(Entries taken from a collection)
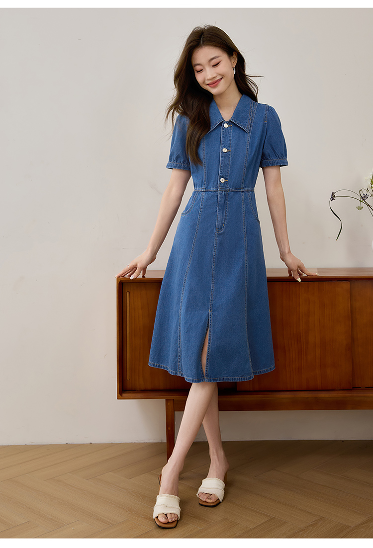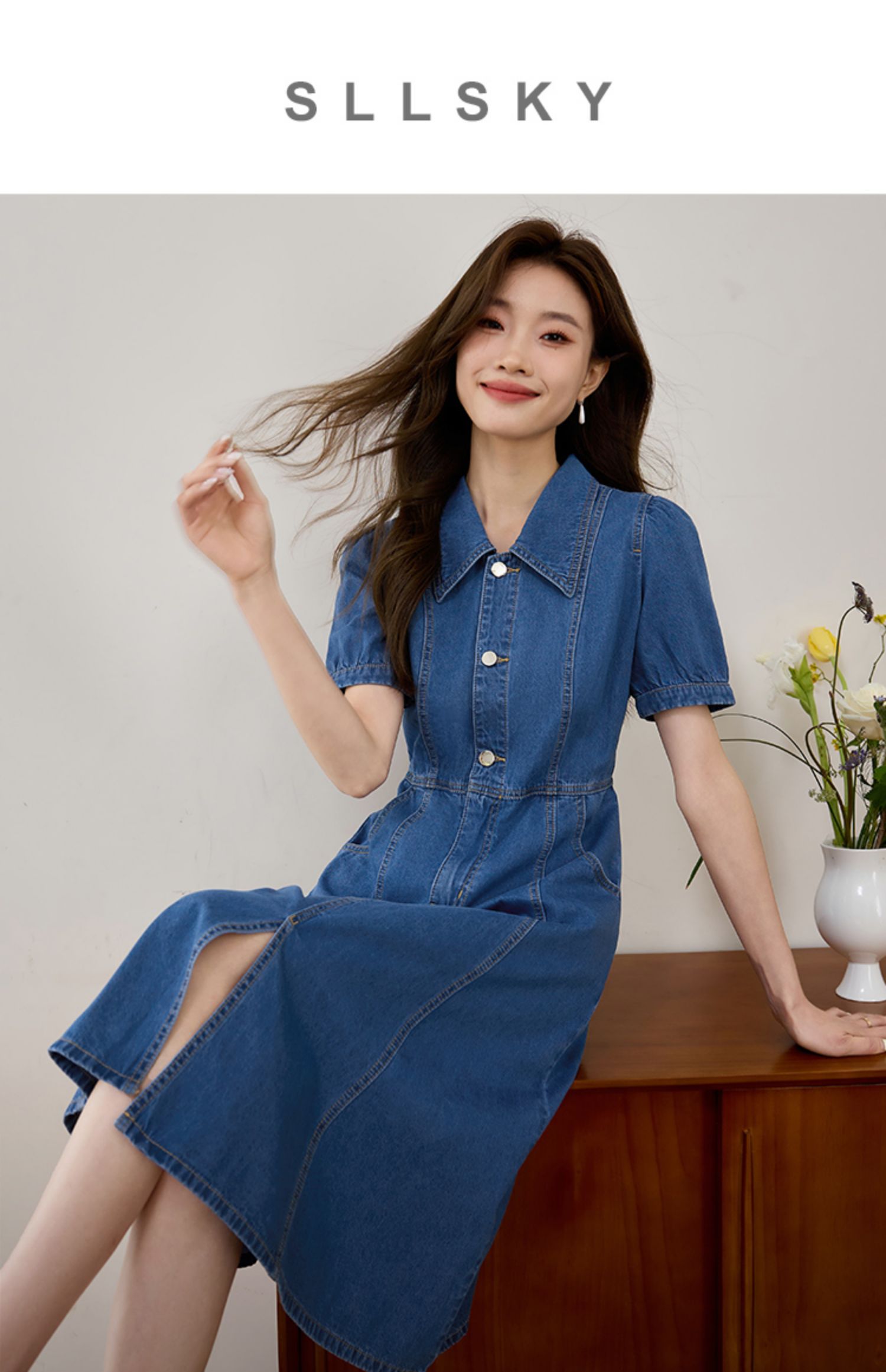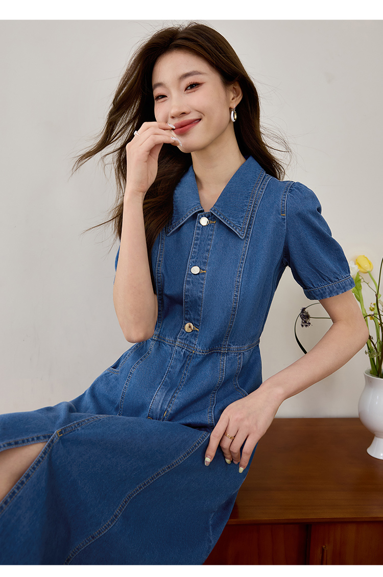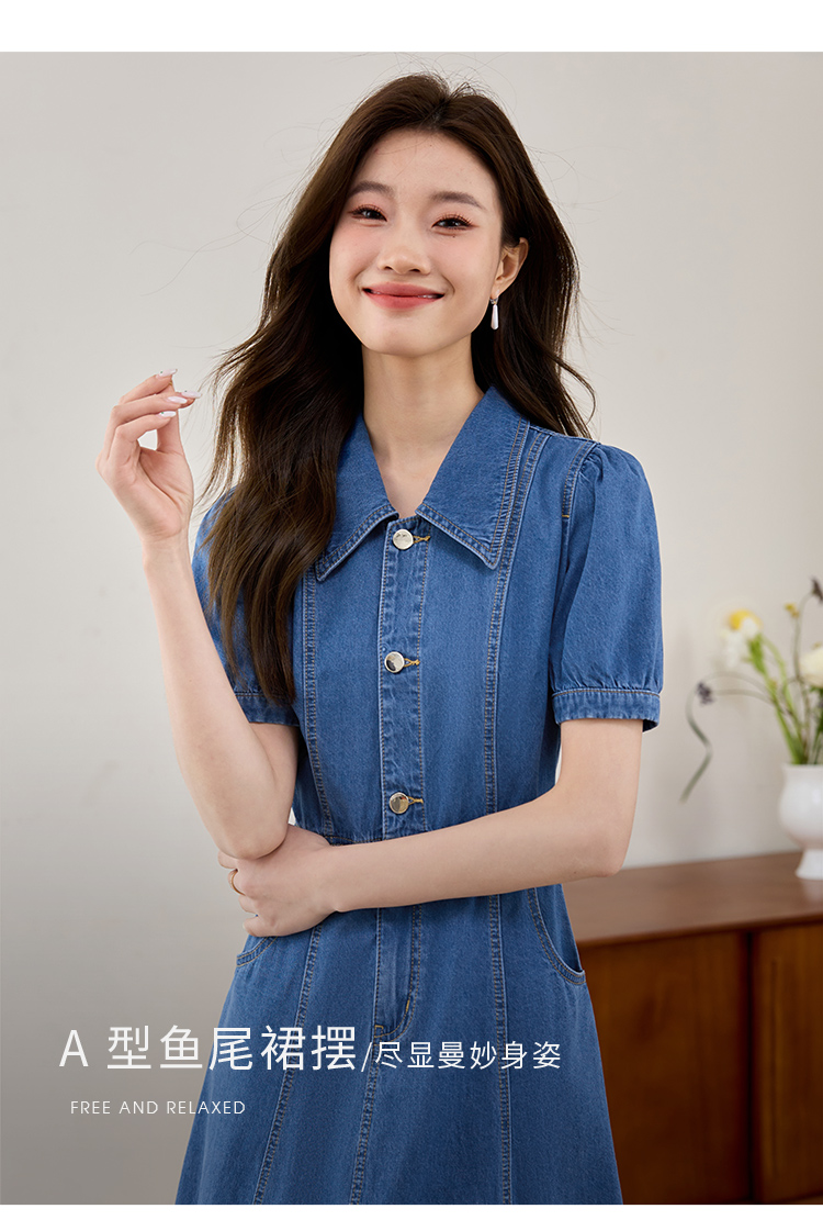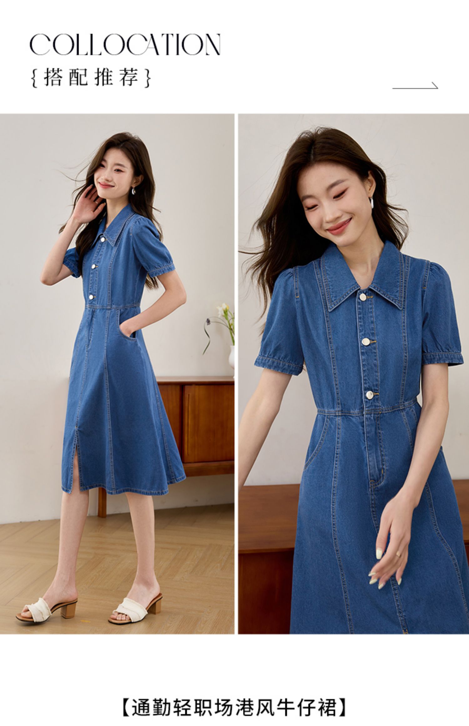 【专属特价】熙世界通勤职场港风牛仔连衣裙夏装新款泡泡袖法式鱼尾a字裙子
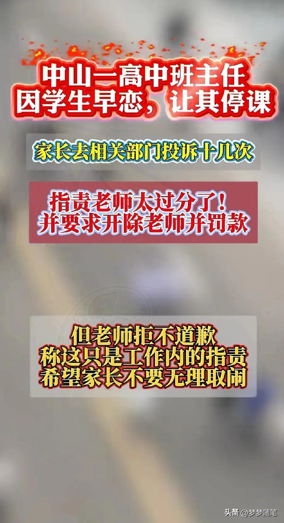 中山市某校高中班主任,因学生早恋,让其停课。家长去相关部门投诉多次,指责老师做法过分,并要求开除老师。 老师硬气不道歉,两边都不让步,看着都头大。 有人说高中不是义务教育,校规就得遵守,屡教不改就该回家。 但也别忽略了,教育部规则里说了,停课得是情节严重、影响恶劣的情况,还得提前告知家长。 青春期有好感本是正常的,上来就停课,也太“一刀切”了。 教育哪是简单的“要么听我的,要么滚蛋”?老师的初衷或许是好的,但比起直接停课,不如好好聊聊,给孩子立好边界。家长光投诉也没用,得跟学校一起想办法。 你觉得这事儿里,老师和家长谁更占理?换成你会咋解决?评论区说说!
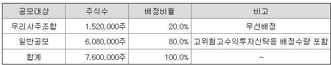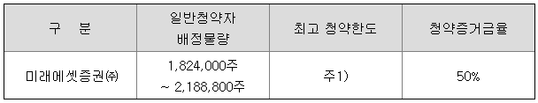 최소청약수량 : 20주, 최소청약증거금 350,000원
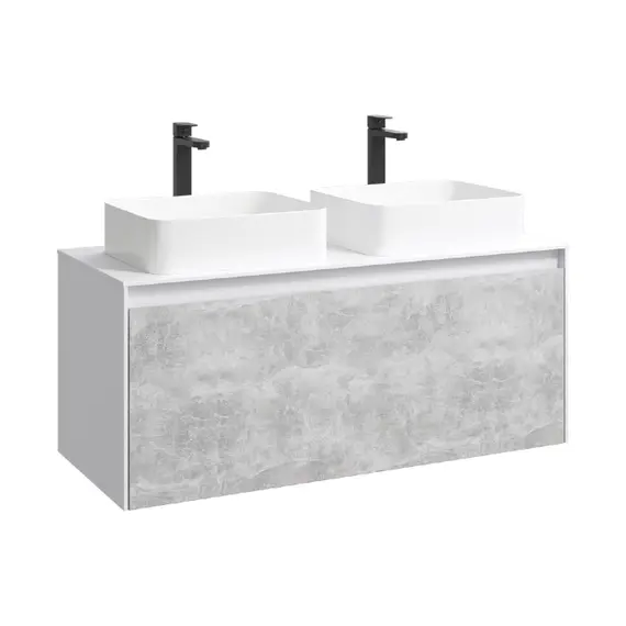 Подвесная тумба AQWELLA 120 см с двумя ящиками: основной и внутренний, скрытый за фасадом, белый/бетон
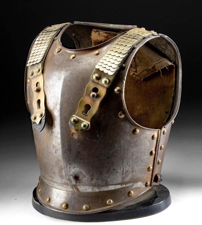 Кираса, Франция, конец 18-го - начало 19-го века. Нагрудная и задняя пластины кирасы из кованого железа скреплены латунными и кожаными ремешками. Вмятина размером с мушкетную пулю на нагрудной пластине - боевое повреждение. Размер: 33 см x 33 см x 40,6 см. Аукцион Галерея Артемиды, Луисвилл, Колорадо, США.

• Problem requirements: Please print the records above once more, word for word, omitting all pictures.

• Answer to the exercise:
 【专属特价】熙世界通勤职场港风牛仔连衣裙夏装新款泡泡袖法式鱼尾a字裙子
 中山市某校高中班主任,因学生早恋,让其停课。家长去相关部门投诉多次,指责老师做法过分,并要求开除老师。 老师硬气不道歉,两边都不让步,看着都头大。 有人说高中不是义务教育,校规就得遵守,屡教不改就该回家。 但也别忽略了,教育部规则里说了,停课得是情节严重、影响恶劣的情况,还得提前告知家长。 青春期有好感本是正常的,上来就停课,也太“一刀切”了。 教育哪是简单的“要么听我的,要么滚蛋”?老师的初衷或许是好的,但比起直接停课,不如好好聊聊,给孩子立好边界。家长光投诉也没用,得跟学校一起想办法。 你觉得这事儿里,老师和家长谁更占理?换成你会咋解决?评论区说说!
 최소청약수량 : 20주, 최소청약증거금 350,000원
 Подвесная тумба AQWELLA 120 см с двумя ящиками: основной и внутренний, скрытый за фасадом, белый/бетон
 Кираса, Франция, конец 18-го - начало 19-го века. Нагрудная и задняя пластины кирасы из кованого железа скреплены латунными и кожаными ремешками. Вмятина размером с мушкетную пулю на нагрудной пластине - боевое повреждение. Размер: 33 см x 33 см x 40,6 см. Аукцион Галерея Артемиды, Луисвилл, Колорадо, США.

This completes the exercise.